Verse of the Day
Wednesday, June 24, 2026
Let us not be weary in doing good, for we will reap in due season, if we don't give up.
Galatians 6:9
What this verse means
Near the close of a heated letter, Paul tells tired believers not to give up on doing good. The harvest he promises is not a quick payoff. It ripens in its own season, on a clock that is not ours.
Galatians 6:9 comes at the end of a passionate letter Paul wrote to churches he feared were losing their way. In the final chapter he turns practical, with a farming image everyone understood: a person reaps what they sow. The lines just before it sharpen what he means. Sow to your lower appetites and you harvest decay; sow to the Spirit and you reap a life that lasts. So the call that follows, to not grow weary in doing good, points to the slow work of becoming good and doing good to others. It is not a technique for getting ahead.
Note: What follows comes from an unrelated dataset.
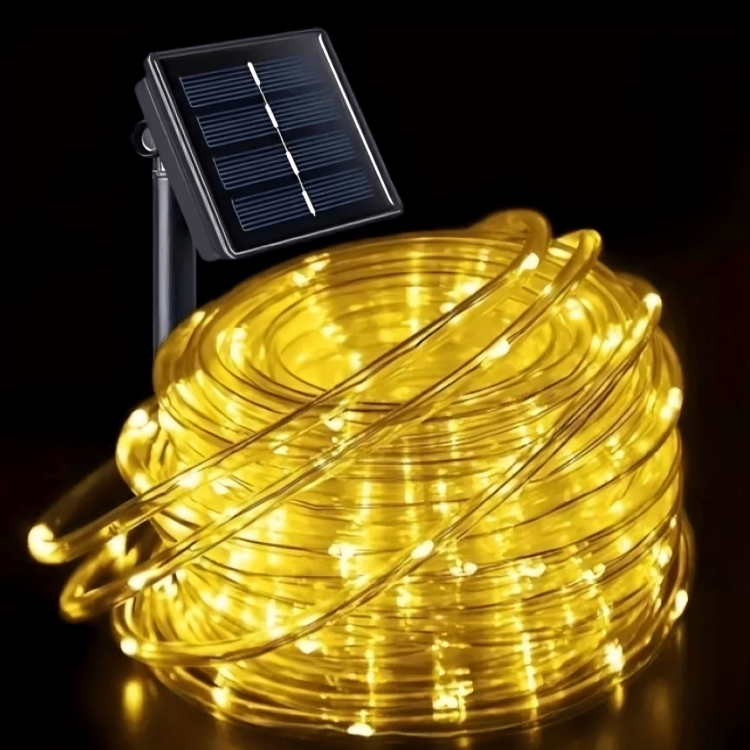 Ηλιακά Χριστουγεννιάτικα Λαμπάκια σε Φωτοσωλήνα 10m - Λευκό Θερμό 100 LED με Φωτοβολταϊκό Πάνελ - Arrango

Paul is writing to people who were tired, discouraged, and tempted to quit, and the metaphor carries a truth they knew in their bones. A farmer plants, then waits through a long stretch where nothing visible happens, trusting a harvest he cannot yet see. The "due season" is not on the sower's schedule; it belongs to the crop and the soil. And the good sown into other people often yields in a form the sower may never fully see. The promise is real. It simply does not pay on demand.
The phrase the translation renders "in due season" is, in Greek, kairo idio, "in its own proper time," a time that is fixed but not ours to rush. And "lose heart" or "give up" (ekkakeo) carries the sense of going slack from exhaustion, the way anyone does when effort drags on with no reward in sight. The verse names that exact fatigue and answers it: the season is real and already on its way, even when nothing in the field shows it yet.